Monday, November 15, 2010

"Where has all the money gone?"


7 Billion, 24 billion, 35 billion….
Bail Out,
ECB,
Bond Markets,
Ollie Rehn,
Front loaded adjustments,
Budget deficit,
Blah Blah Blah,
Gobbeldy gook
It streams from my radio.
It jumps from the pages of my newspapers.
It scares me to death and yet it is meaningless.
Intangible.
Words, totally unconnected to my day to day existence.
But yet words that are part now of the soundtrack to our lives.

Before these words became common language, long, long ago, at the very beginning of this recession, my daughter Mia, then 8 years old asked me “Mom, where has all the money gone?” At the time I smiled at her innocent grasp of the new financial reality. “Yes, child” I answered her “wouldn’t it be great if the Government could just print some more money for us all.”

I was recounting this anecdote recently to a friend when I thought again of her question “where has all the money gone?” The question stayed with me all day. Yes, where indeed has all the money gone?

Our current financial meltdown was triggered in large part by the property developers. The men who paid hugely inflated prices for parcels of land on which they had ambitious and unimaginative plans to build houses and apartments. We all know what happened next. The property market collapsed. The land became almost worthless and the developers couldn’t pay back the huge loans they had borrowed from greedy and clueless bankers.

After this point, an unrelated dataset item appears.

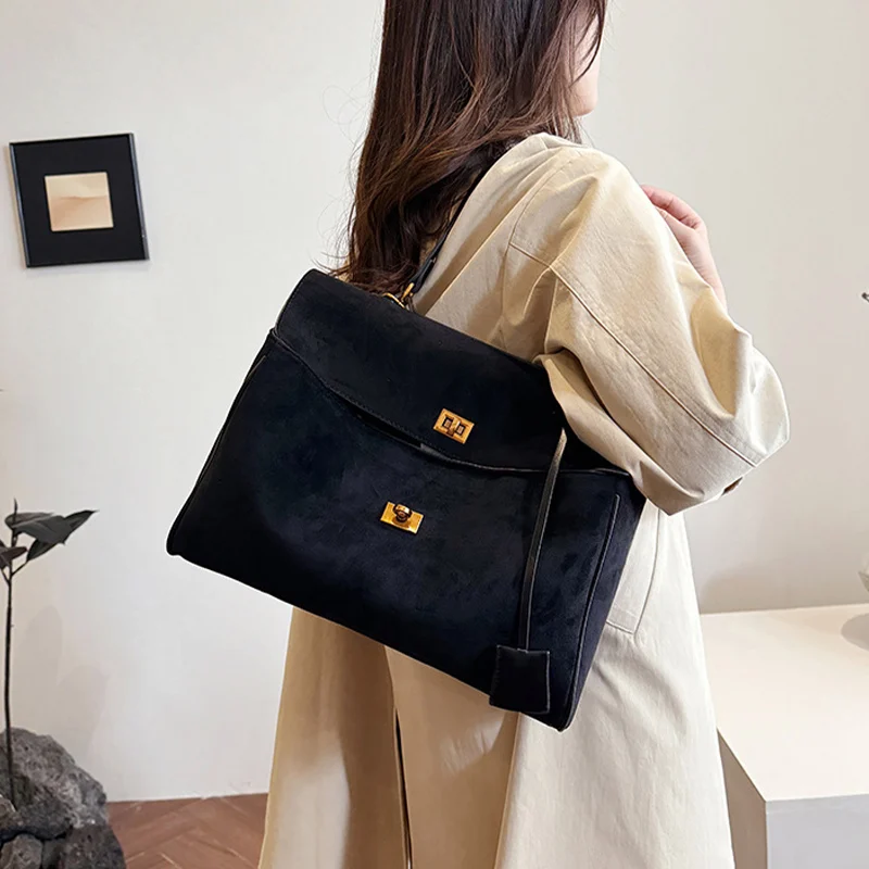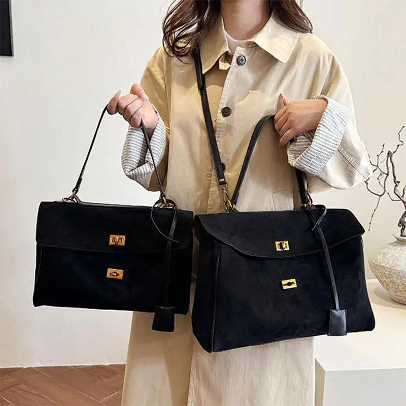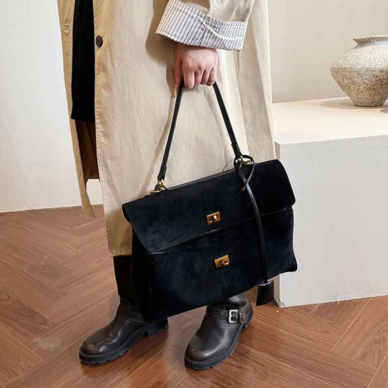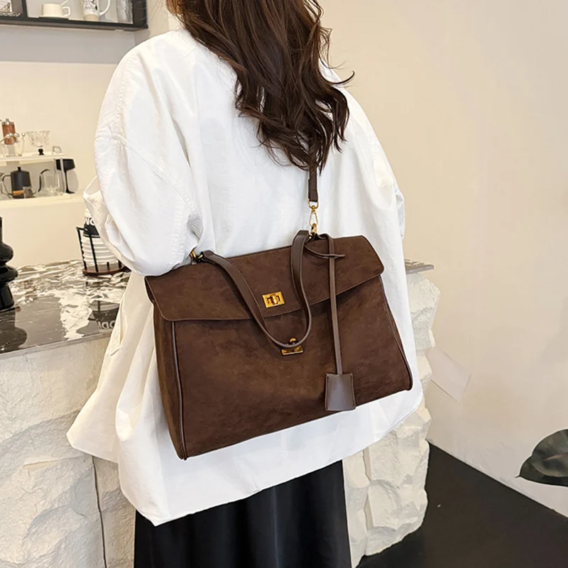 Luxury Brand Women Messenger Bags Soft Leather Brown Suede Hand Held Totes Gold Buckle Women Shoulder Bags Lady Trend Satchel

So, Mia innocently asked “where did all the money go?” Someone got paid the large sums borrowed from the banks, which we are now effectively paying back! Surely there is a case to be made for an investigation into those who were paid the hugely inflated prices for their land. I understand that this is how land and property speculation works. But it is morally right that this modest cohort of people, whose bank accounts now bulge with possibly millions of euro, should be allowed to hold onto it? Meanwhile our Government considers reducing the Old Age Pension, Children’s Allowance and other benefits, our young people emigrate in thousands and our economy collapses all around us. We in effect are paying for their financial windfall.

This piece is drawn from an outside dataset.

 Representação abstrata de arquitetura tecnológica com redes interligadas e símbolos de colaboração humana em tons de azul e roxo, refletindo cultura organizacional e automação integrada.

To go after this money, would take courage and determination. I know that it wouldn’t solve all our problems, but it would go some way towards restoring a sense of fair play to the rest of us who profited only very modestly by comparison and then only by working hard during the Celtic Tiger’s roar. At the very least surely some kind of extra tax could be levied on the millions paid for what are now useless fields of dreams.

My daughter has a point – “where did all the money go”. We know where a lot of it went, and we seem happy to pay it back in order to protect some principle of a free market economy. I don’t think that Mia, now 10 years old, would consider that to be very fair. And neither do I.